Oscar Wilde on Organised Religion

Even though I had finished my last book a couple of days ago, I only just started reading "The Picture of Dorian Gray" in earnest (to pardon the pun). Having read through quite a few of the classics over the last twelve months or so, it has been quite interesting to see the different defining qualities of each of the writer's I have read. While Dostoevsky provides a compelling insight into the psyches of his character, Hugo allows his transcendent use of language to bring the reader into the moment. Wilde, on the other hand has a very acerbic sense of humour about him. If his writing wasn't so witty, I would have found the constant sarcasm fairly ingratiating, but instead I am left with a dry smile. While I don't *always* believe that this sentiment is true (although often it is), I found the following passage particularly amusing:

But beauty, real beauty, ends where intellectual expression begins. Intellect is in itself a mode of exaggeration, and destroys the harmony of any face. The moment one sits down to think, one becomes all nose, or all forehead, or something horrid. Look at the successful men in any of the learned professions. How perfectly hideous they are! Except of course, in the Church. But then in the Church they don't think. A bishop keeps on saying at the age of eighty what he was told to say when he was a boy of eighteen, and as a natural consequence he always looks absolutely delightful.

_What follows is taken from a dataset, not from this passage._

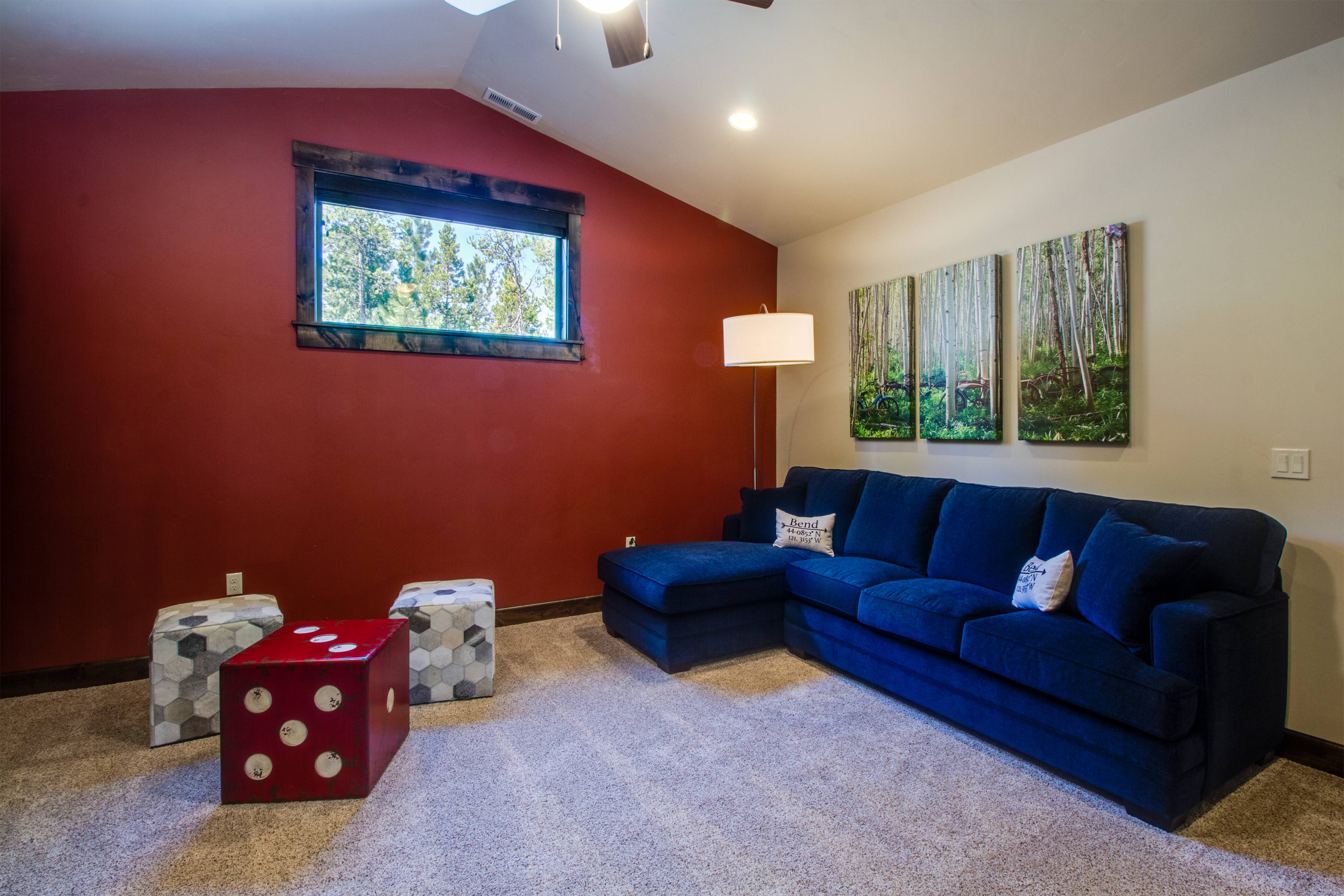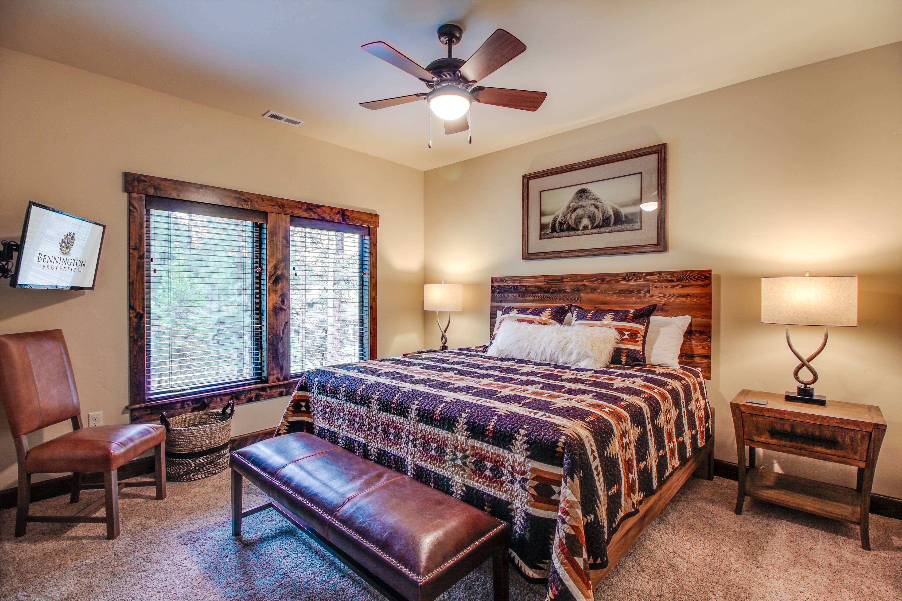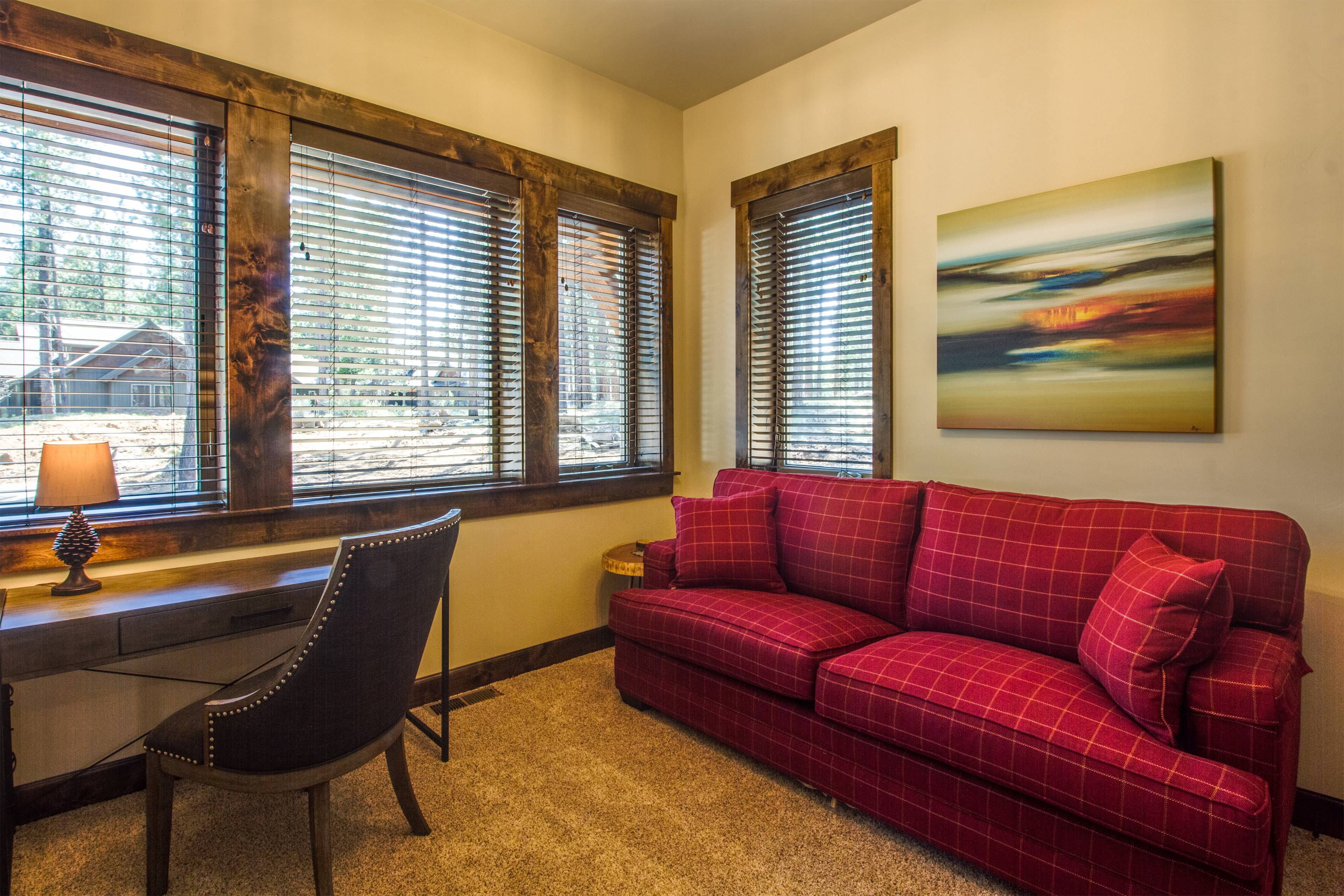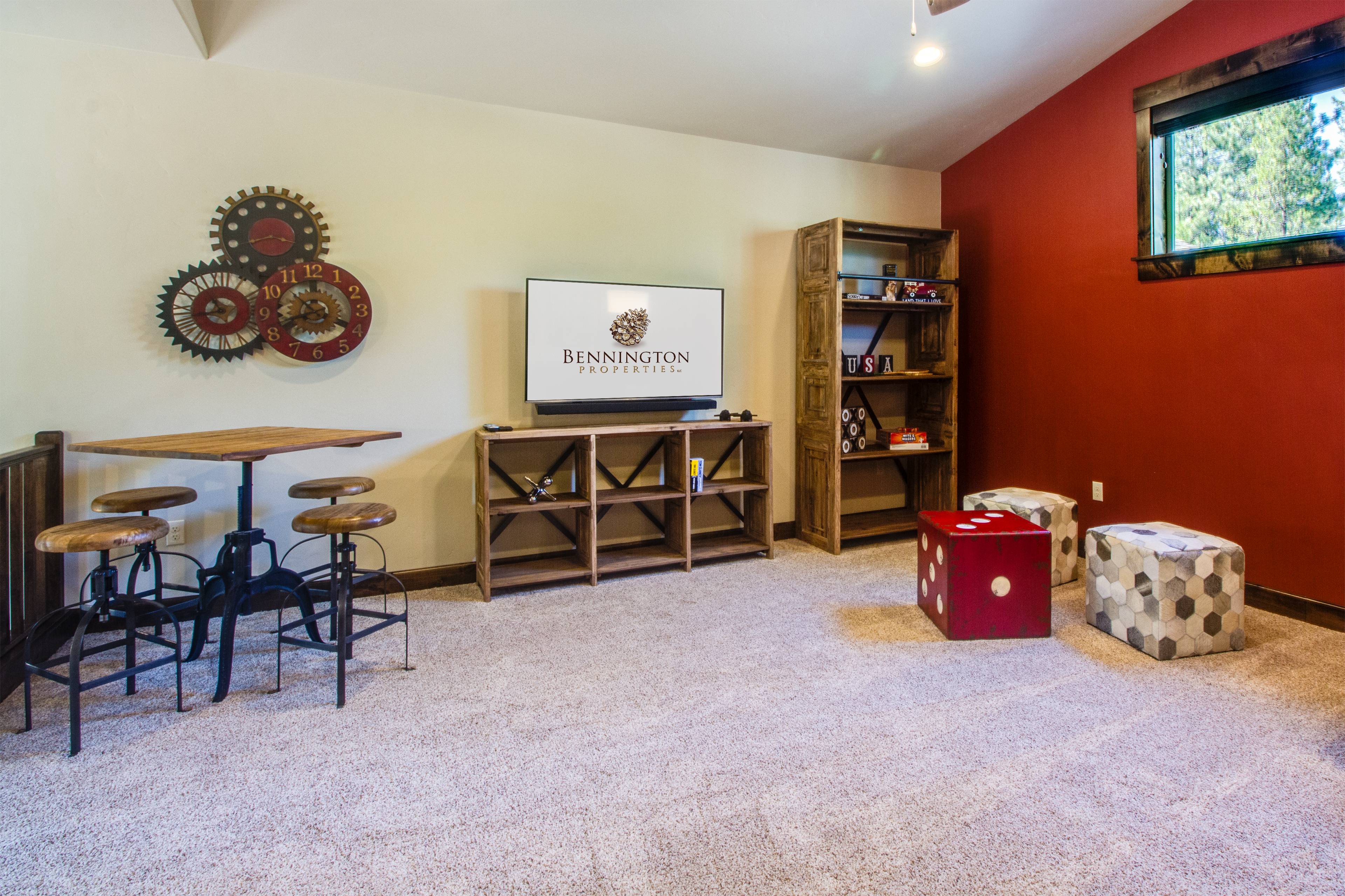 The living room, designed for family gatherings, features comfortable furnishings, a gas fireplace, and large TV. There is additional work and/or sleeping space in the bonus room downstairs which includes a sleeper sofa and desk. The King ensuite is on the main floor and includes a large TV, jetted, soaking tub, and walk-in closet.
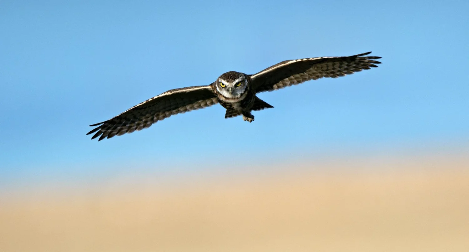 Mel and I are at the Salt Creek Marsh on a day in June. Above us, a raft of pelicans dance in the sky, their white feathers made gold in the afternoon light. We are here to check on the burrowing owl babies, fluff balls of feathers that shine in the sun. While Mel often remains in the car on these trips, she is the first to spot every single bird that comes to the marsh, often without binoculars. Even against the sun, she can name birds based on how they lift or land or hold their heads. She knows them from the inside. Not unlike the flammys who look for abandoned flicker cavities, burrowing owls prefer holes made by marmots. One of the few owls considered diurnal, they spend their days near their burrows eating grasshoppers and watching out for harriers.

I guess that makes me think about the way that we look at the subject of change. Even early in the novel the physically attractive Dorian Gray fears change because he is aware that as time passes by his looks will deteriorate. In like manner the bishop seems to fear change because it will mean the loss of what he wants to believe is perfect. It does not seem to occur to him that it is through change that he might be able to draw nearer to the Perfect. It seems to me that this is like the attitude of many Christians today who guard their understanding of the truth on the basis that God does not change. Yet even if this is true, it can certainly be said that humans change and that God is the driving force behind this change. Indeed for Victor Hugo, God, the changeless agent is the agent of change in the world, both individually and institutionally.